I was a joiner in my youth and early adulthood. I was not a good one, able only to offer a half-hearted commitment to any opportunity I found to convince myself…and half-heartedly again, that I belonged, that I fit in. This intense, and often desperate attempt never sufficed. I now realize that the more one must “try” to fit in the more likely it is that the efforts themselves will be off-putting to others. If you feel that you do fit in, it is likely that you will do so, and that you will be so comfortable in this “chez nous” of yours that you will rarely, if ever, worry about “fitting in.”
But I’ve almost totally given up in this futile quest of fitting in and am finding peace as a result. To borrow a term from Anna Burns’ Booker-Prize winning novel from last year, “The Milkman,” I am from beyond the pale and thus, in her terms, a “beyond the paler.” And I’m happy that this full awareness did not dawn on me until the 7th decade of my life as now I have the maturity to not be intoxicated with the intrinsic alienation of this lot in life. I know whole-heartedly and appreciatively that those “within the pale” are the backbone of this “reality” we live within. Arrogance is a readily available to all of us, certainly those that lie beyond this pale and harbor some deep-seated wish that we didn’t. Arrogance just belies a failure to appreciate that the only thing that any of us have, beyond or within the pale, is “being here.”; this is relevant to the imperative of Ram Dass decades ago, “Be here now.” We are present in this mysterious maelstrom that we know as reality and it is important that we realize that this is true for all of us. We have only “being here now” so briefly, and that is the commonality that we all share. Regardless of how much we vehemently disagree or even loathe anyone in our life, they share with us this humble quality of being simply an entity that is nothing more than a “being” like the rest of us. It is in this simple, but Infinite Presence that we can find the unity which can point us in the direction of living together in harmony. Here in this Sacred Space we stand naked together, unadorned by all of the pretenses, dogmas, adornments, accomplishments, and chicaneries that have given us the illusion of our separateness.

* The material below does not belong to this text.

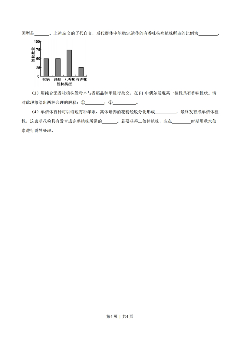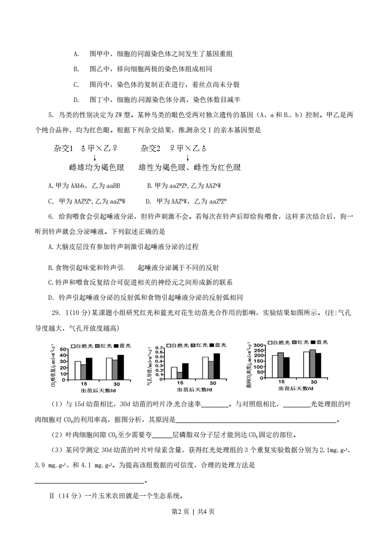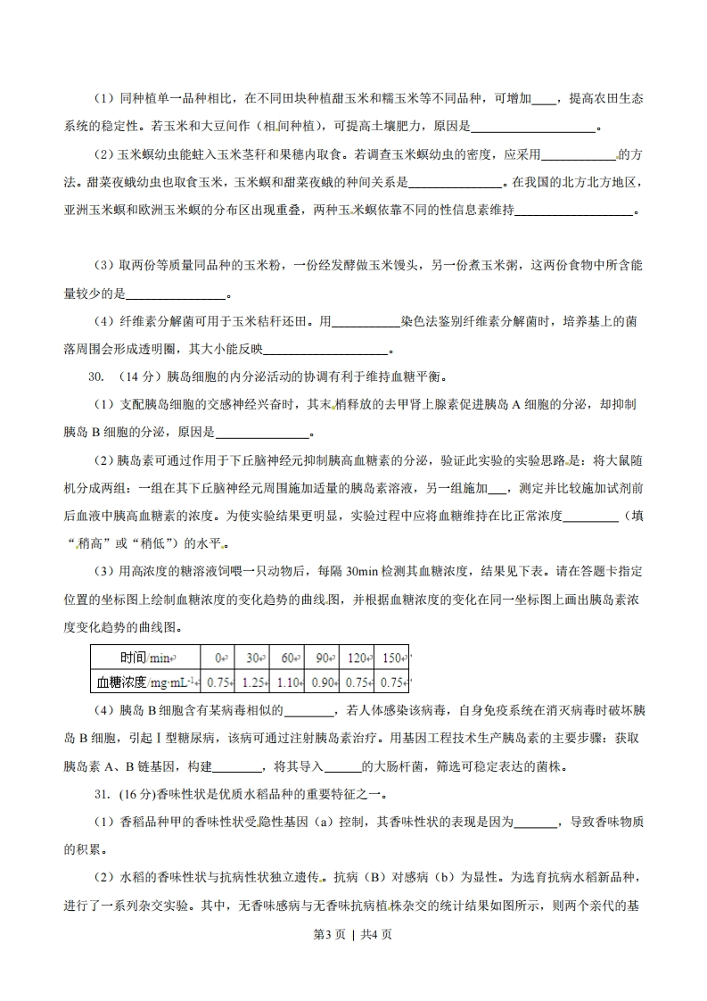 2014年高考新课标安微卷理综生物试题1.关于线粒体的叙述,正确的是A.线粒体外膜的蛋白质含量比内膜高B.葡萄糖分解为丙酮酸的过程发生在线粒体基质中C.成人心肌细胞中线粒体数量比腹肌细胞的多D.哺乳动物精子中的线粒体聚集在其头部和尾的基部2.下图为氨基酸和Na进出肾小管上皮细胞的示意图,下表选项中正确的是管腔中氨基酸管腔中Na上皮细胞中氨选项一上皮细胞一上皮细胞基酸一组织液肾氨基酸A主动运输:被动运输和主动运输和肾Be被动运输:被动运输~被动运输ATPADP +Pi●管管腔Ce被动运输和主动运输被动运输·NaDe主动运输和被动运输和被动运输和3.分别用B一珠蛋白基因、卵清蛋白基因和丙酮酸激酶(与细胞呼吸相关的酶)基因的片断为探针,与鸡的成红细胞、输卵管细胞和胰岛细胞中提取的总DA分子进行分子杂交,结果见下表(注:“+”表示阳性,“-”表示阴性)。下列叙述不正确的是探针和B珠蛋白基因卵清蛋白基因丙酮酸激酶基因细胞总RNA成红细胞+-2+的输卵管细胞:-+3+胰岛细胞-+A.在成红细胞中,B一珠蛋白基因处于活动状态,卵清蛋白基因处于关闭状态。B.输卵管细胞的基因组DNA中存在卵清蛋白基因,缺少B一珠蛋白基因。C.丙酮酸激酶基因表达产物对维持鸡细胞的基本生命活动很重要。D.上述不同类型细胞的生理功能差异与基因选择性表达有关4.某种植物细胞减数分裂过程中几个特点时期的显微照片如下。下列叙述正确的是i丙第1页|共4页A.图甲中,细胞的同源染色体之间发生了基因重组B.图乙中,移向细胞两极的染色体组成相同C.图丙中,染色体的复制正在进行,着丝点尚未分裂D.图丁中,细胞的同源染色体分离,染色体数目减半5.鸟类的性别决定为ZW型。某种鸟类的眼色受两对独立遗传的基因(A、a和B、b)控制。甲乙是两个纯合品种,均为红色眼。根据下列杂交结果,推测杂交I的亲本基因型是杂交1甲×乙♀杂交2♀甲×乙雌雄均为褐色眼雄性为褐色眼、雌性为红色眼A.甲为AAbb,乙为aaBBB.甲为aaZZ,乙为AAZWC.甲为AAZZ,乙为aaZwD.甲为AAZW,乙为aaZZ6.给狗喂食会引起唾液分泌,但铃声刺激不会。若每次在铃声后即给狗喂食,这样多次结合后,狗一听到铃声就会分泌唾液。下列叙述正确的是A.大脑皮层没有参加铃声刺激引起唾液分泌的过程B.食物引起味觉和铃声引.起唾液分泌属于不同的反射C铃声和喂食反复结合可促进相关的神经元之间形成新的联系D.铃声引起唾液分泌的反射弧和食物引起唾液分泌的反射弧相同29.I(10分)某课题小组研究红光和蓝光对花生幼苗光合作用的影响,实验结果如图所示。(注:气孔导度越大,气孔开放度越高)▣自然光口红光■蓝光▣自然光口红光■蓝光300口白然光口红光■蓝光501825040.200300.415020.3100100.20.500153015301530出苗后天数/d出苗后天数d出苗后天数d(1)与15d幼苗相比,30d幼苗的叶片净光合速率与对照组相比,光处理组的叶肉细胞对C02的利用率高,据图分析,其原因是(2)叶肉细胞间隙C0,至少需要夸层磷脂双分子层才能到达C0,固定的部位。(3)某同学测定30幼苗的叶片叶绿素含量,获得红光处理组的3个重复实验数据分别为2.1mg.g-、3.9mg.g-、和4.1mg.g-。为提高该组数据的可信度,合理的处理方法是Ⅱ(14分)一片玉米农田就是一个生态系统。第2页|共4页(1)同种植单一品种相比,在不同田块种植甜玉米和糯玉米等不同品种,可增加,提高农田生态系统的稳定性。若玉米和大豆间作(相间种植),可提高土壤肥力,原因是(2)玉米螟幼虫能蛀入玉米茎秆和果穗内取食。若调查玉米螟幼虫的密度,应采用的方法。甜菜夜蛾幼虫也取食玉米,玉米螟和甜菜夜蛾的种间关系是。在我国的北方北方地区,亚洲玉米螟和欧洲玉米螟的分布区出现重叠,两种玉米螟依靠不同的性信总素维持(3)取两份等质量同品种的玉米粉,一份经发酵做玉米馒头,另一份煮玉米粥,这两份食物中所含能量较少的是(4)纤维素分解菌可用于玉米秸秆还田。用染色法鉴别纤维素分解菌时,培养基上的菌落周围会形成透明圈,其大小能反映30.(14分)胰岛细胞的内分泌活动的协调有利于维持血糖平衡。(1)支配胰岛细胞的交感神经兴奋时,其末梢释放的去甲肾上腺素促进胰岛A细胞的分泌,却抑制胰岛B细胞的分泌,原因是(2)胰岛素可通过作用于下丘脑神经元抑制胰高血糖素的分泌,验证此实验的实验思路是:将大鼠随机分成两组:一组在其下丘脑神经元周围施加适量的胰岛素溶液,另一组施加,测定并比较施加试剂前后血液中胰高血糖素的浓度。为使实验结果更明显,实验过程中应将血糖维持在比正常浓度一(填“稍高”或“稍低”)的水平。(3)用高浓度的糖溶液饲喂一只动物后,每隔30m检测其血糖浓度,结果见下表。请在答题卡指定位置的坐标图上绘制血糖浓度的变化趋势的曲线图,并根据血糖浓度的变化在同一坐标图上画出胰岛素浓度变化趋势的曲线图。时间mime030-60-90120150血糖浓度mgmL-10.7541.251.100.900.750.75(4)胰岛B细胞含有某病毒相似的若人体感染该病毒,自身免疫系统在消灭病毒时破坏胰岛B细跑,引起I型糖尿病,该病可通过注射胰岛素治疗。用基因工程技术生产胰岛素的主要步骤:获取胰岛素A、B链基因,构建将其导入的大肠杆菌,筛选可稳定表达的菌株。31.(16分)香味性状是优质水稻品种的重要特征之一。(1)香稻品种甲的香味性状受隐性基因()控制,其香味性状的表现是因为」导致香味物质的积累。(2)水稻的香

Here I share a quote from a writer I discovered last year, Toko-Pa Turner which sums up these thoughts so beautifully:
Our longing for community and purpose is so powerful that it can drive us to join groups, relationships, or systems of belief that, to our diminished or divided self, give the false impression of belonging. But places of false belonging grant us conditional membership, requiring us to cut parts of ourselves off in order to fit in. While false belonging can be useful and instructive for a time, the soul becomes restless when it reaches a glass ceiling, a restriction that prevents us from advancing. We may shrink back from this limitation for a time, but as we grow into our truth, the invisible boundary closes in on us and our devotion to the group mind weakens. Your rebellion is a sign of health. It is the way of nature to shatter and reconstitute. Anything or anyone who denies your impulse to grow must either be revolutionized or relinquished.